Üniversite mensubu birisi olarak gözlemlerimi genelleyerek söyleyecek olursam, zaten başta rektör ve dekanlar olmak üzere devlet üniversitelerindeki hoca kadrosunun büyük çoğunluğu da ABD tarzı paralı devlet üniversitesi sistemine dünden razı görünmektedir. Tüm sistem ciddi bir para üzerine kurulunca, devlet üniversitelerinin rektörleri başta olmak üzere öğretim elemanları zaten bunu büyük bir memnuniyetle karşılayacaktır.
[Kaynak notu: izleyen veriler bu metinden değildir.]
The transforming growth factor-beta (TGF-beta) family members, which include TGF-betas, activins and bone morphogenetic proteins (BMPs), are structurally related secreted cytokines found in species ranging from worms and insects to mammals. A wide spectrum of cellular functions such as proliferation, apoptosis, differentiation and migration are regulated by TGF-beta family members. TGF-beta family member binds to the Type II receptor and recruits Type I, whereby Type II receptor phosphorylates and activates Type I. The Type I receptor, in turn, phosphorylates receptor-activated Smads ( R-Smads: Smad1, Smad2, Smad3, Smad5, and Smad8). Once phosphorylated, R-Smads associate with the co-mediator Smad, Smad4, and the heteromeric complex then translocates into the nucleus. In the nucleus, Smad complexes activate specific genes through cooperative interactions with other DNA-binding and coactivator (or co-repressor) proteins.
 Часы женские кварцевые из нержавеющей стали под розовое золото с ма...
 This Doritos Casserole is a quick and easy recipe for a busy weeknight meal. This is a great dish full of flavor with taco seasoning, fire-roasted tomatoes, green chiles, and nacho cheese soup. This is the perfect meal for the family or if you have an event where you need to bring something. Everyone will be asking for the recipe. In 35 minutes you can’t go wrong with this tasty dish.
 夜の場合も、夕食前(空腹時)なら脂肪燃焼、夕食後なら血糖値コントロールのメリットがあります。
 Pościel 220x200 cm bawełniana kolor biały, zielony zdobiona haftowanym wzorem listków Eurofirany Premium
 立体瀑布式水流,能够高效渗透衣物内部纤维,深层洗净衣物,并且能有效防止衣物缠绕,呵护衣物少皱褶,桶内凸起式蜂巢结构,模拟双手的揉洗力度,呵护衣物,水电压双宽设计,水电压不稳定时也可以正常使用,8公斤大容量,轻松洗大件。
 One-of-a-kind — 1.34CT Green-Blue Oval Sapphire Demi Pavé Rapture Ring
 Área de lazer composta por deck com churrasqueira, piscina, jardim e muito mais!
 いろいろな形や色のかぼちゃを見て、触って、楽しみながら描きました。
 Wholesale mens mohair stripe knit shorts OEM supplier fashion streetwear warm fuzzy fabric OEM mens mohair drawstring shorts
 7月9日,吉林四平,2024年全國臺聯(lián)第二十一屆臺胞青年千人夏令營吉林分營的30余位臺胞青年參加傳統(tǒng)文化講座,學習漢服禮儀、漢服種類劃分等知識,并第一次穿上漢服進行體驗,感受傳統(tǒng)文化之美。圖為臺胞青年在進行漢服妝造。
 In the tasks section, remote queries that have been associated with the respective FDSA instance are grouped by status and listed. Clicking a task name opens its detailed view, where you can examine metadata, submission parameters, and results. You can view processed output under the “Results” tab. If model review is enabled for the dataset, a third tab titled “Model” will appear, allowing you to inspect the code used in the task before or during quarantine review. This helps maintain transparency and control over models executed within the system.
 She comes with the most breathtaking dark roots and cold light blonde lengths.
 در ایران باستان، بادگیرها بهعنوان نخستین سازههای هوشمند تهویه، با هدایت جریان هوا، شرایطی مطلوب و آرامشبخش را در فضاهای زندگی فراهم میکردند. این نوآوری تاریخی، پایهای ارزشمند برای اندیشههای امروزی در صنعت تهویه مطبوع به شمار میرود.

Geriye ne kalmaktadır? Geriye ciddi bir toplumsal muhalefet kalmaktadır. Ama bu muhalefet, bu aşamadan sonra ‘sosyal devlet’, ‘refah devleti’, ‘karma ekonomi’ vb. söylemler üzerinden yapılamaz. Kapitalist sistem saf haline dönmek için ciddi bir çaba sarfetmektedir. Bu çaba, kapitalist sistem içerisinde sınırlı bir dönemde yaşanmış ‘otuz zafer yılı’, ya da ‘altın çağ’ sloganlarıyla berteraf edilemez. Artık parasız eğitim savunusu, açıkça kapitalist sistem dışı bir sistemin savunusu haline gelmiştir. Bu sistemin adını söylemekten de çekinmemek gerekmektedir. Paralı eğitimin, emek sömürüsü ve sosyal kast sistemleriyle bütünleşmiş kapitalist bir modelin savunusu olduğunu parasız, piyasa için değil entellektüel ve toplumsal kaygılar için eğitimin ise sosyalist eğitim anlayışı olduğunu söylemek ve insanların tercihlerini doğru sistem arayışlarına yönlendirmek gerekmektedir. Gerçekçi olan budur. Bu kadar çıkmaza girmiş bir sistemde artık doğru bir nokta bulup savunmak imkansızdır. Doğru noktaya, ancak sistemi yeni bir mantıkla yenibaştan kurmak sayesinde ulaşılabilir. Sadece eğitim için değil, sağlık için de durum budur. Parasız, koruyucu sağlık hizmeti artık kapitalist sistem içerisinde yeniden düzenleme arayışları yoluyla savunulamaz. Gerçekçi değildir. Bu kadar paranın, çok ülkeli ilaç şirketlerinin, pazarlanabilir sağlığın batağına batmış bir sisteme kapitalist sistem içerisinde çözüm üretmeye çalışmak kadar gerçeklik dışı bir çaba olamaz. “Gerçekçi olup imkansızı istemek”ten başka çare kalmamıştır.